I want to start off by saying we are so grateful we are able to get pregnant naturally and do not take it for granted that we have been able to successfully create our beautiful family without much struggle. Beau gave us a run for our money with his early appearance (linking that blog post here for anyone who hasn’t read that little story), but in the scheme of things we have been more than “#blessed".

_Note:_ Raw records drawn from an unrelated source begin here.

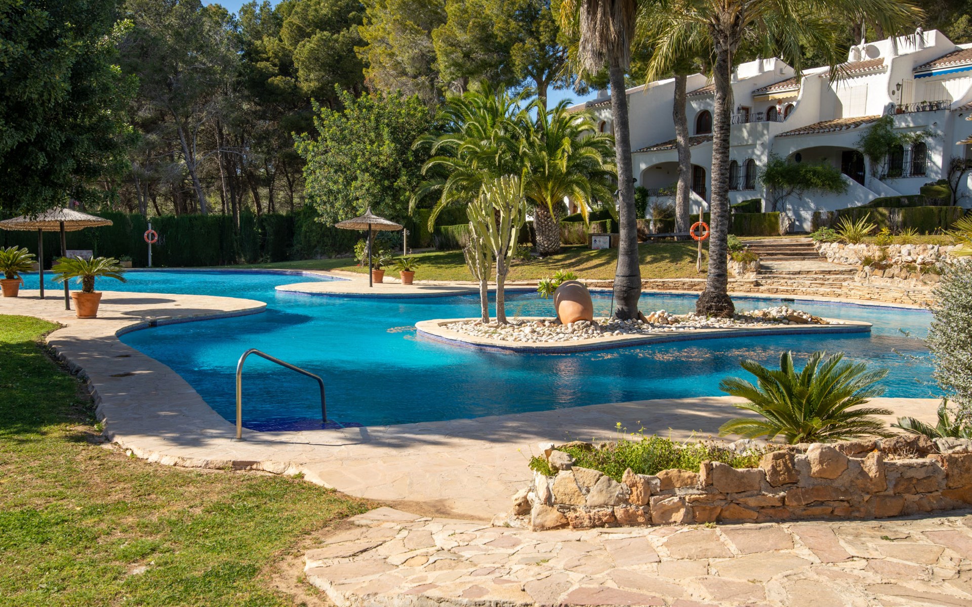 Gemütliches, komfortables Appartementhaus "Los Lagos". Am Ortsrand, 1.5 km vom Zentrum von Jesus Pobre, ausserhalb des Ortes, 9 km vom Zentrum von Denia / Javea, alleinstehende, ruhige, sonnige Lage, 9 km vom Meer, 9 km vom Strand. Zur Mitbenutzung: grosser, schöner, gepflegter terrassierter Garten mit Rasen und Bäumen, Schwimmbad (38 x 22 m, saisonale Verfügbarkeit: 01.Jan. - 31.Dez.). Kinderbecken, Aussendusche. Zur Alleinbenutzung: Terrasse. Treppenweg bis zum Haus. Öffentliches Parkhaus. Einkaufsgeschäft 1.5 km, Supermarkt 1.5 km, Restaurant 1.5 km, Bar 1.5 km, Café 1.5 km, Bushaltestelle 2 km, Bahnstation 5 km, Fähre 11 km, Sandstrand 9 km. Golfplatz (18 Loch) 2 km. Bitte beachten: Fahrzeug empfohlen. Der Besitzer akzeptiert keine Jugendgruppen.
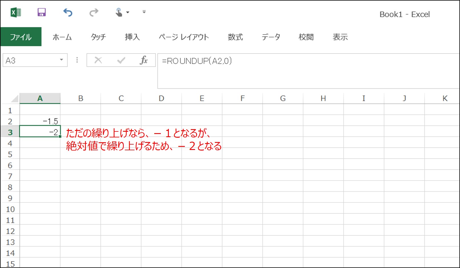 対象の数値が「−1.5」、つまり「=ROUNDUP(−1.5,0)」という式の場合は、返される値は「−2」になります。
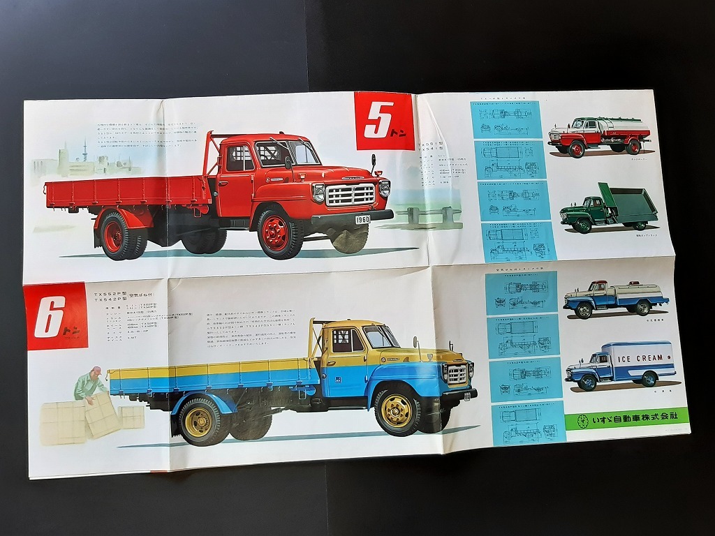 - いすゞ ボンネットトラック ダンプ タンクローリー 1960年型 超特大カタログ 昭和35年 当時品!☆ size 74.5㎝×83.5㎝ 絶版 旧車カタログ

This time around was no exception. We got pregnant on our first attempt and everything seemed to be going great, besides of course the absolute horrific morning, noon and night sickness, but again not complaining, we made a baby (yay!). I want to warn everyone now before you continue reading - TRIGGER WARNING - I am going to share a little bit of the scare we recently had with this pregnancy. Thankfully as of now everything is fine but I am still a “high risk” patient and things haven’t felt as rosy as I envisioned. The night before Halloween, at just over 10 weeks pregnant, I was climbing into the shower, I looked down and saw blood. A lot of it. TBH I am quite triggered already by any amount of blood during pregnancy (as I am sure any pregnant woman would be) but with Beau when I had my major abruption the blood was the visual that I still see most clear to this day. I spent my entire pregnancy with Watson expecting to see blood. Every single time I went to the bathroom I was scared to look at the toilet paper. But nothing happened. So, as you can probably imagine, the blood was not a welcome sight. It was not a small amount of blood. It was a lot. And a lot all at once. Blood clots. The whole bit. It was not a cute scene, sorry for the TMI. I immediately told Chris I was going to the hospital. The babies were asleep, I didn’t want to call my mom to worry her, so I decided I wanted to go alone. Chris wasn’t pleased but he understood and obliged me considering the circumstances.
I drove away from my home and family expecting the worse. I have to say it felt more devastating than I could have imagined. I am not one to pray but I spent the entire drive to the hospital making deals with anyone listening that I would do anything for this baby to be okay. It felt like a very bad dream and I kept thinking maybe this wasn’t happening. Unfortunately it was. I got to the Bracebridge hospital and upon entry when I was asked by the Covid screener what was wrong I started tearing up immediately. I felt embarrassed that I couldn’t keep it together. She understood from my few mumbles and got me into triage within a few minutes. I calmed myself down to chat to the nurse as I wanted to ensure I was clear on what was happening. Again I was still trying to convince myself it was not worse case scenario but it was not working well.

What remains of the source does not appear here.